▶ SOURCE DATA:
• • • •

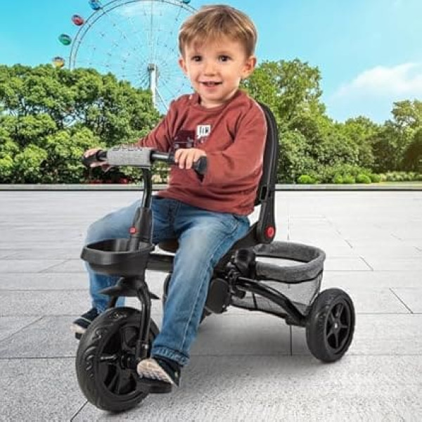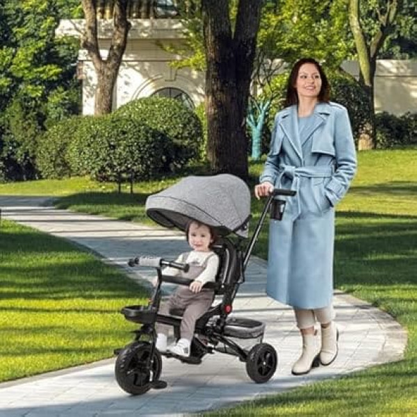 Tricycle from 1 year old with push bar - This tricycle with push bar grows with your child! It starts as a safe baby bike from 1 year, becomes a children's bike with pedals and finally transforms into a classic tricycle for children up to 5 years. Thanks to the removable hood, protective railing and push rod, it adapts perfectly. DURABLE & SAFE - IDEAL AS OUTDOOR TOYS - The sturdy carbon steel frame supports up to 30 kg, while the breathable fabrics ensure comfort. Perfect for little explorers as toys from 1 year old or tricycle. Functional & comfortable like a pushchair 6 in 1 - The foldable hood protects against sun and wind, the adjustable backrest ensures comfortable sitting. The 360° rotating seat allows eye contact with parents - ideal for a tricycle for 1-5 year old. MAXIMUM SAFETY FOR YOUR CHILD - With 3-point harnesses, removable handlebars, clutch, brake and non-slip EVA tyres. Whether as a slide car with push bar or active bicycle children - safety comes first Practical & space-saving - perfect for on the go - easy to assemble without screws, easy to fold and operate with one hand. Includes cup holder and large basket - ideal for trips as a handcart foldable children or tricycle with handlebar. › See more product details
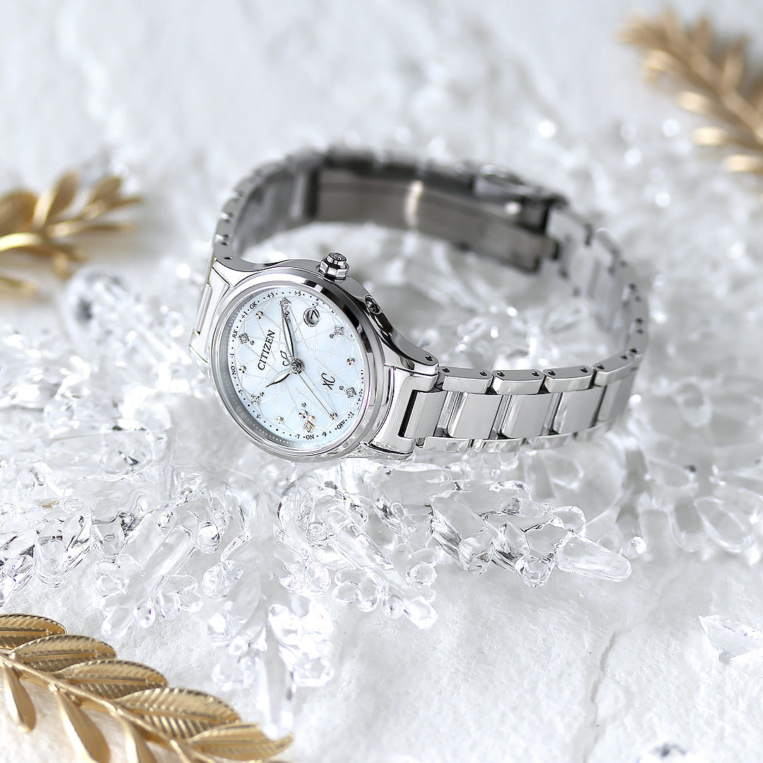 爽やかなシルバーが印象的な、hikari コレクションの限定モデルです。 美しい白蝶貝の文字板に、エッチングパターンとパールプリントで夏の太陽の輝きを描いています。 インデックスにはラボグロウンダイヤモンドとカットパーツをあしらい、光に反射する波のきらめきを表現しました。 さらに、8時位置には日差しがキラキラ反射する様子をゴールドで表すなど、細部にまでこだわっています。 りゅうずにも、アクセントとしてラボグロウンダイヤモンドをセッティング。 特別感のある上品で華やかなデザインが魅力です。 前を向く女性を応援するエンパワーウオッチブランド、シチズン xC(クロスシー)。 商品番号:ES9490-87D ▼コチラからご購入いただけます▼
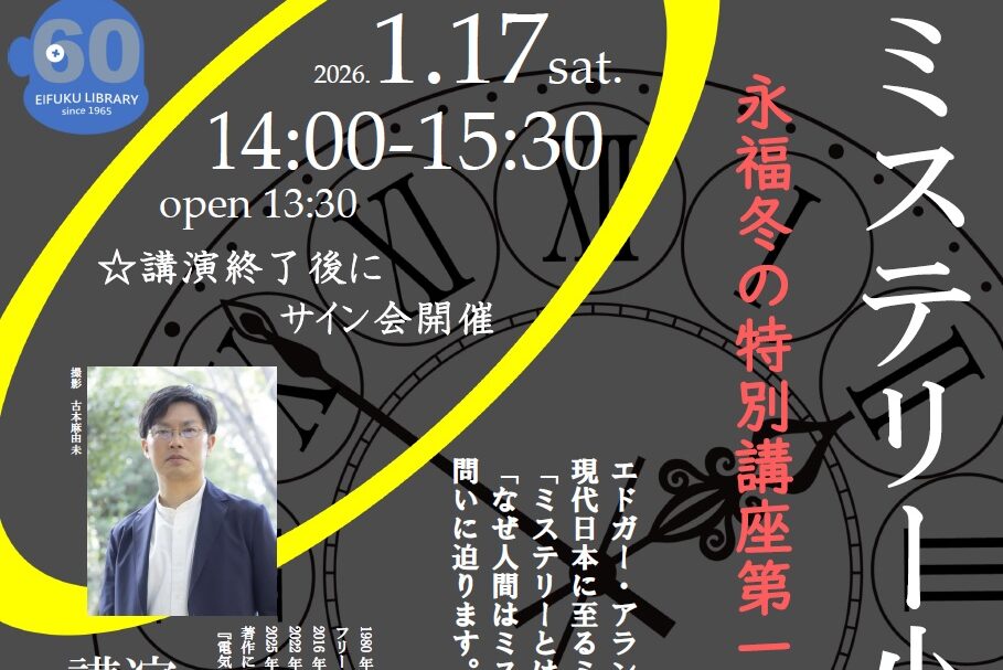 【2026年1月17日】永福冬の特別講座第1弾 作家・逸木裕氏講演会「ミステリー小説の楽しみ」

• • • •

▶ WHAT YOU SHOULD DO: Pictures excluded, copy exactly the lines running from the one with "xC(クロスシー)。 商品番号:ES9490-87D ▼コチラからご購入いただけます▼" through the last line of the material.

▶ SOLUTION TO THE EXERCISE:
 爽やかなシルバーが印象的な、hikari コレクションの限定モデルです。 美しい白蝶貝の文字板に、エッチングパターンとパールプリントで夏の太陽の輝きを描いています。 インデックスにはラボグロウンダイヤモンドとカットパーツをあしらい、光に反射する波のきらめきを表現しました。 さらに、8時位置には日差しがキラキラ反射する様子をゴールドで表すなど、細部にまでこだわっています。 りゅうずにも、アクセントとしてラボグロウンダイヤモンドをセッティング。 特別感のある上品で華やかなデザインが魅力です。 前を向く女性を応援するエンパワーウオッチブランド、シチズン xC(クロスシー)。 商品番号:ES9490-87D ▼コチラからご購入いただけます▼
 【2026年1月17日】永福冬の特別講座第1弾 作家・逸木裕氏講演会「ミステリー小説の楽しみ」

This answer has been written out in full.